In the example, the liquid electrolyte was supported on the separator 24, but the same result was obtained when a solid polymer proton conductor was used instead of the separator 24. The value of DC current or DC voltage, the application time, the number of applications, etc. have optimum values according to the type of material, size, etc. of the MEA, and are not limited to the examples.

2 Electrochemical gas sensor 4 Metal container 6 Water 8 MEA
10 Bottom plate 12 Diffusion control plate 16 Cap 11, 14, 18, 19 Opening 20 Filter material 22 Gasket 24 Separator 25, 26 Gas diffusion film 30 Power source 32 Arithmetic logic circuit
C counter electrode
S detection pole
R1, R2 resistance
A1 Amplifier circuit

Claims (3)

In an electrochemical gas sensor in which a detection electrode is provided on a detected atmosphere side of a separator or a solid polymer proton conductor film holding a liquid electrolyte, and a counter electrode is provided on a reference atmosphere side,
The electrochemical gas sensor is modified so that a current flows in the H2 from the counter electrode to the detection electrode and a current flows in the CO from the detection electrode to the counter electrode.

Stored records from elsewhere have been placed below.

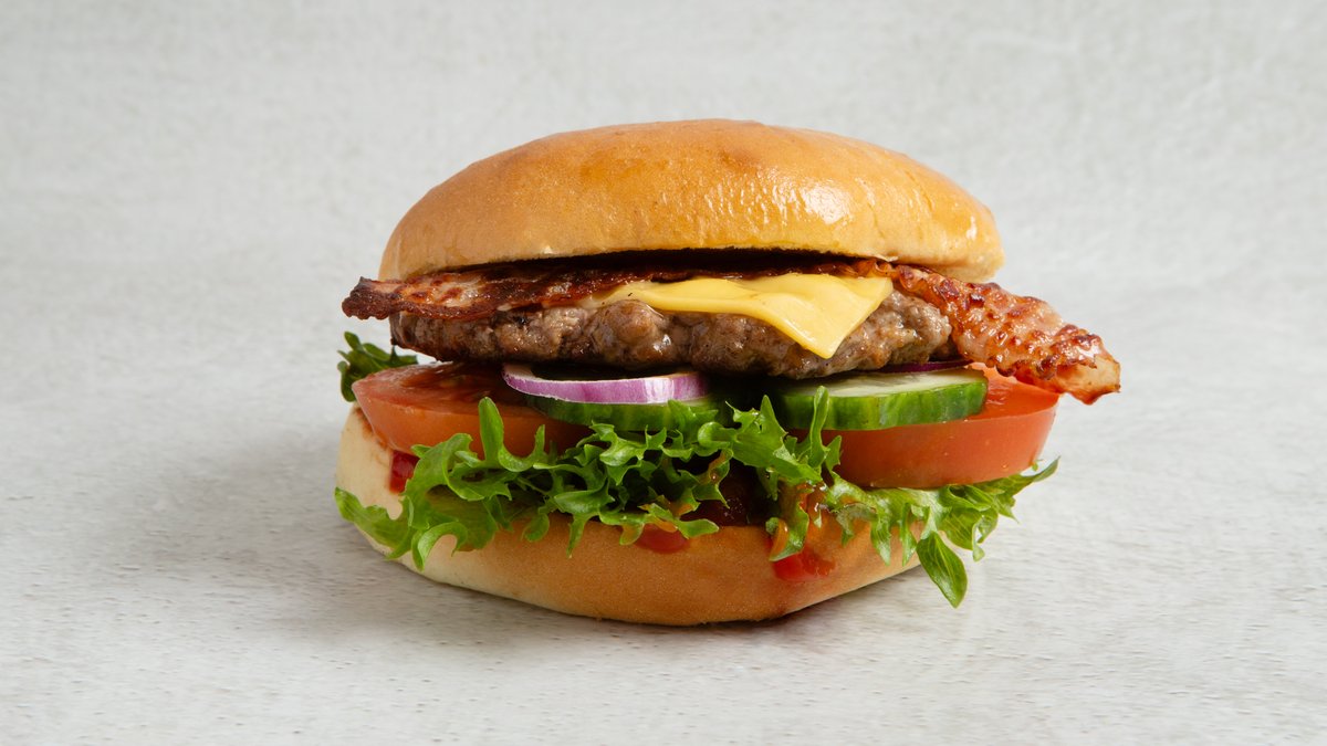 Juicy homestyle burger i briochebrød, med relish, salat, tomat, agurk og løk, toppet med deilig cheddaost og bacon. Inkluderer 0,5 l drikke og medium fries.
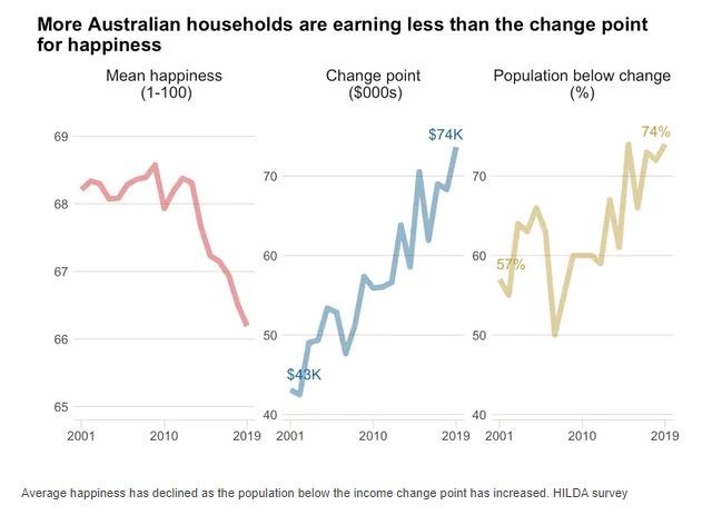 The change point at which the happiness of most Australians no longer strongly depends on income has almost doubled from A$43,000 to A$74,000.
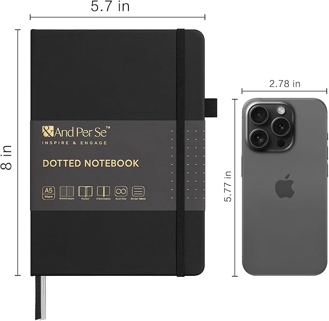 &And Per Se Dotted Journal Notebook (5 Packs), A5 Hardcover Leather Dotted Journal, 160 Pages 100 gsm Thick Paper, 3 Sheets of Stickers Included- 5.7'' x 8'' (Black
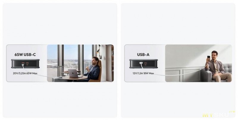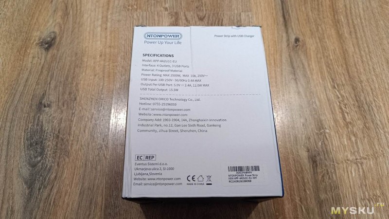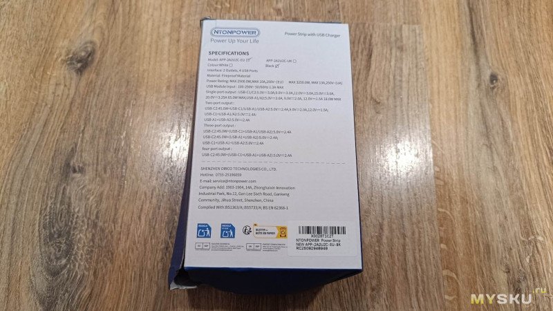 Разница в оформлении коробок становится заметной лишь сзади. Помимо разного набора USB портов, удлинители имеют и разные их характеристики. Тот удлинитель, что находится в коробке поменьше, имеет более продвинутый зарядный блок, с максимальной мощностью 65 Вт. Во втором случае всё гораздо скромнее — всего лишь 15 Вт в пике. Зато розеток 4, а не 2. Так что выбирайте по потребностям.
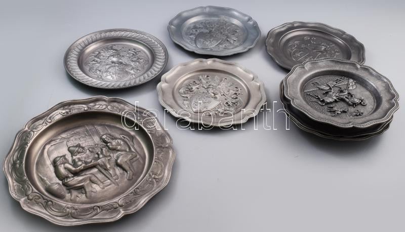 10 db ón tál. modern, német plasztikus darabok, címerekkel, jelenetekkel d: 22-30 cm
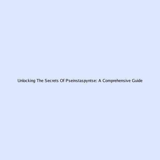 Unlocking The Secrets Of Pseinstaspyntse: A Comprehensive Guide
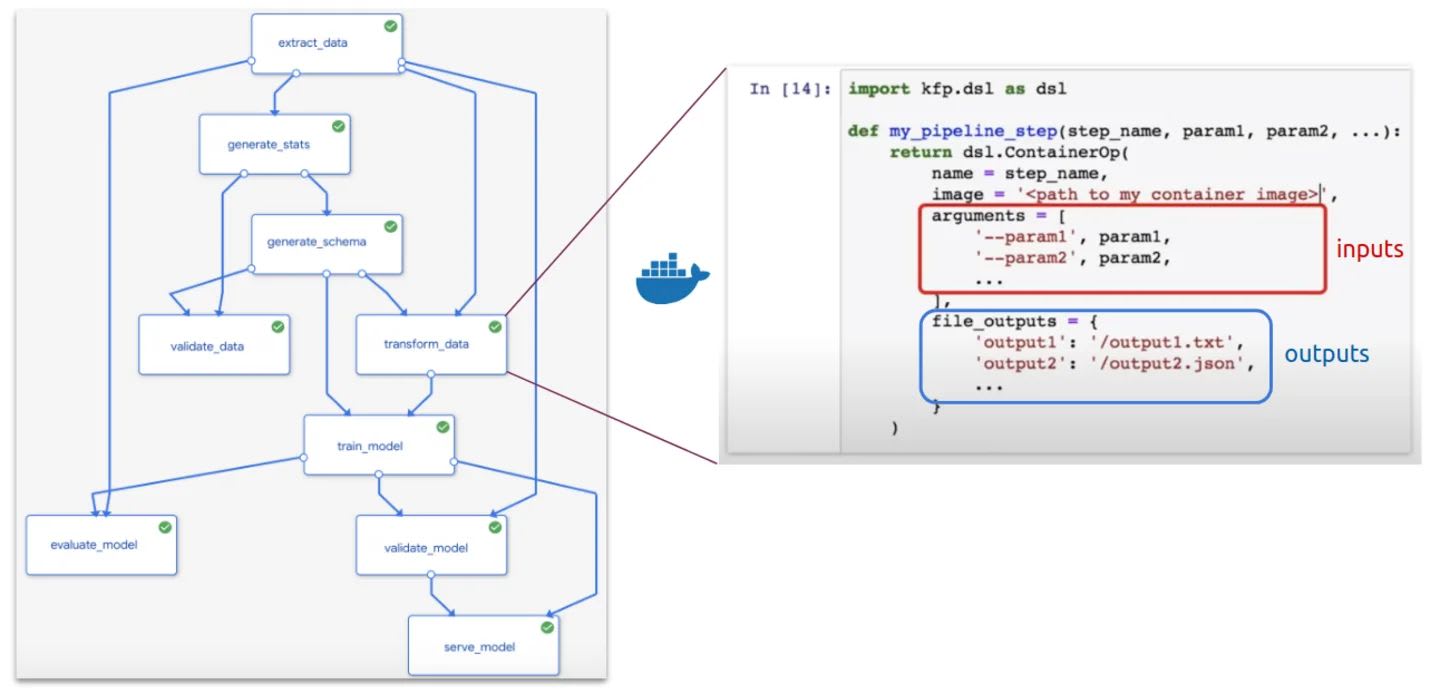 每个管道组件,呈现为一个区块,是一个独立的代码,通常打包为Docker镜像。它包含输入(参数),输出和管道中执行的一步。在上面管道示例中,transform_data步骤需要作为extract_data和generate_schema步骤的输出产生的参数,并且其输出是train_model的依赖项。
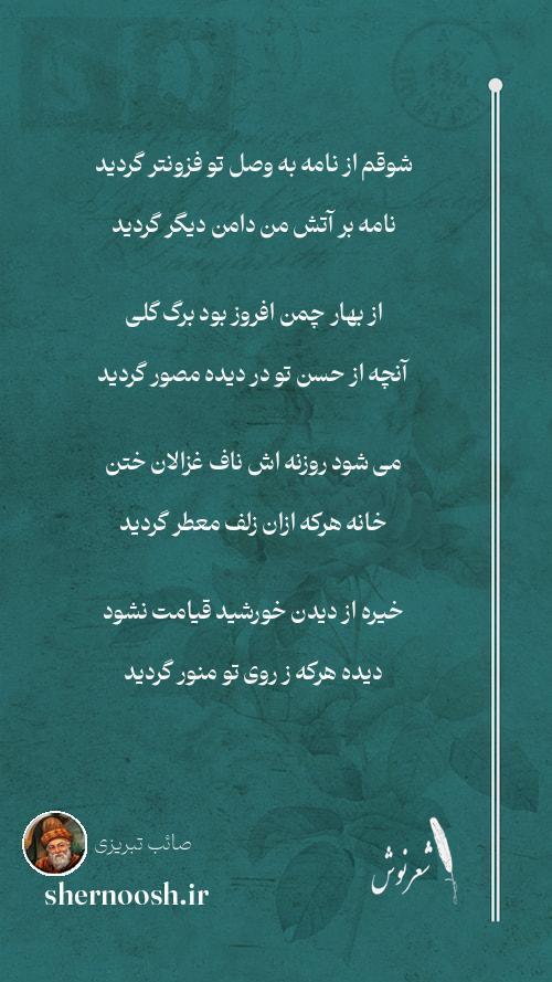 1 شوقم از نامه به وصل تو فزونتر گردید نامه بر آتش من دامن دیگر گردید

The separator or solid electrolyte membrane holding the liquid electrolyte is provided with a detection electrode on the detected atmosphere side and a counter electrode on the reference atmosphere side,
Using the electrochemical gas sensor modified by applying a direct current from the counter electrode to the detection electrode, with the counter electrode side being + and the detection electrode side being-,
A selective detection method of CO and H2 that detects H2 when current flows from the counter electrode to the detection electrode in the electrochemical gas sensor and detects CO when current flows from the detection electrode to the counter electrode. For an electrochemical gas sensor having a sensing electrode on the detected atmosphere side and a counter electrode on the reference atmosphere side of the separator or solid polymer proton conductor film holding the liquid electrolyte,
By applying a direct current from the counter electrode to the detection electrode with the counter electrode side set to + and the detection electrode side set to-, a current flows in the electrochemical gas sensor from the counter electrode to the detection electrode in H2, and the detection electrode in CO. A method for modifying an electrochemical gas sensor, wherein the electrochemical gas sensor is modified so that a current flows from the first electrode to the counter electrode.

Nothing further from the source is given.